■ Exercise
Below, find the line containing "本体の背面側にはスーツケース"; from there to the final line, print every line exactly and skip the pictures.

■ Given material
++++++++

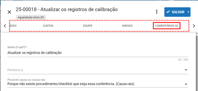 Para melhorar a comunicação das pessoas em relação a ação, é possível registrar comentários.
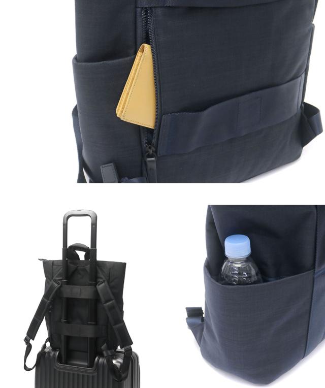 本体の背面側にはスーツケースとのセットアップが可能なベルトを備えており、荷物が多くなる旅行時でもスムーズな移動が可能。またペットボトルなどのすぐに取り出したい荷物は両サイド、スマホなどの使用頻度の高い物はジップポケットが便利なスペースです。
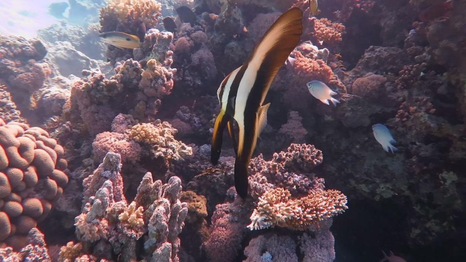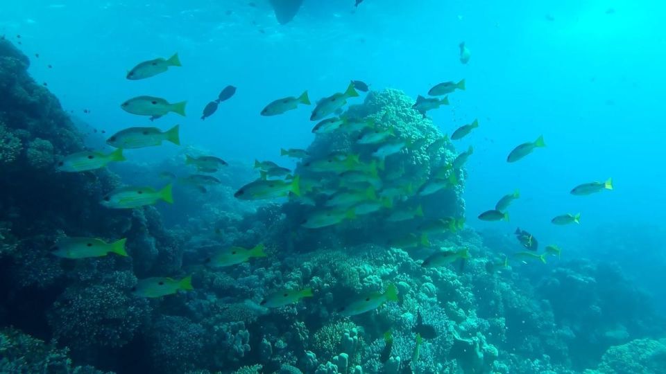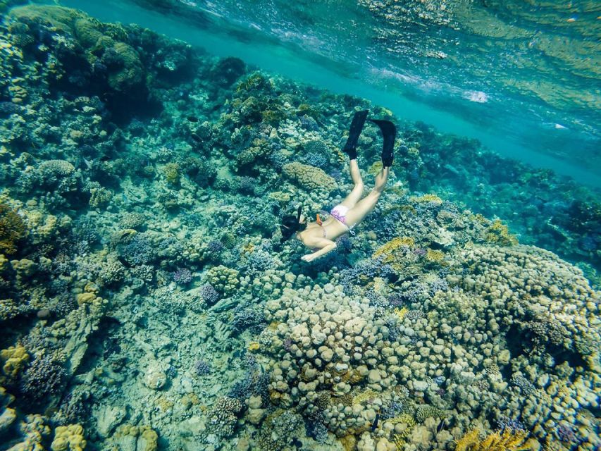 在第二个浮潜地点,探索标志性的红海珊瑚礁,这里有 1,000 多种鱼类和 150 种珊瑚。

++++++++

■ Response to the exercise
 本体の背面側にはスーツケースとのセットアップが可能なベルトを備えており、荷物が多くなる旅行時でもスムーズな移動が可能。またペットボトルなどのすぐに取り出したい荷物は両サイド、スマホなどの使用頻度の高い物はジップポケットが便利なスペースです。
 在第二个浮潜地点,探索标志性的红海珊瑚礁,这里有 1,000 多种鱼类和 150 种珊瑚。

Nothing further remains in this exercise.